Background: A chef I used to work with showed me this back in the ’90s. It’s a very ’90s move. He didn’t use ketchup packets. That’s my own twist. I never buy ketchup but we always have a surplus of ketchup packets because everyone loves French fries. I don’t love chipotles in adobo sauce. I don’t love American ketchup. But I do love figuring out what to do with a surplus of something.
- Keep a can of chipotles in adobo sauce in your pantry.
- Collect ketchup packets from restaurants when you get fries togo.
- When you have enough ketchup packets, open the can of adobo sauce and select the number of chipotles you would like to use. (See number 5 under Why it Works.)
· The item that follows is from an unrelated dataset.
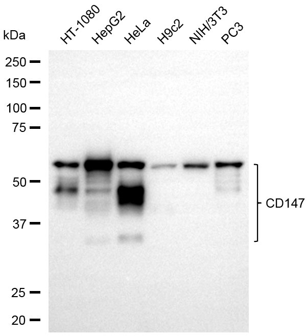 Western blotting analysis using CD147 antibody. Total cell lysates (30 μg) from various cell lines were loaded and separated by SDS-PAGE. The blot was incubated with CD147 antibody and HRP-conjugated goat anti-rabbit secondary antibody respectively.

- Save the rest of the chipotles in adobo sauce in the freezer for another batch or another move.
- Add the chipotles and the ketchup to a blender or food processor and blend.
- Store some in the freezer and the rest in the fridge.
Why It Works.
- This ingredient has several uses.
- Even if you don’t like ketchup, it’s good to have a surplus in case you serve hot dogs to kids or something.
- This is going to be determined by trial-and-error, heat tolerance, and preference. If this is the first time you are making this, taste a chipotle and guess.
- Keep them in the sauce. It will prevent them from getting freezer burnt.
- There’s a minimum amount of chipotle ketchup that you can make with this method, and that is determined by how much product your blender or food processor needs to do it’s job. If you don’t have enough ketchup and chipotles, you can hand-chop the chipotles and stir them into the ketchup.
- This is the basis for several other sauces so, even if you don’t like it, you might like what it can do when added to other things.
Mods:
- Add some squeezes of lime to cut the sweetness of the ketchup.
- Add black pepper to interrupt the cloying texture of ketchup.
- Add some Worcestershire sauce to nudge the flavor profile away from modern ketchup and toward more historical versions.
- Add fish sauce to nudge American ketchup toward its origins as a Chinese sauce made from fermented fish, which is arguably the ur-condiment.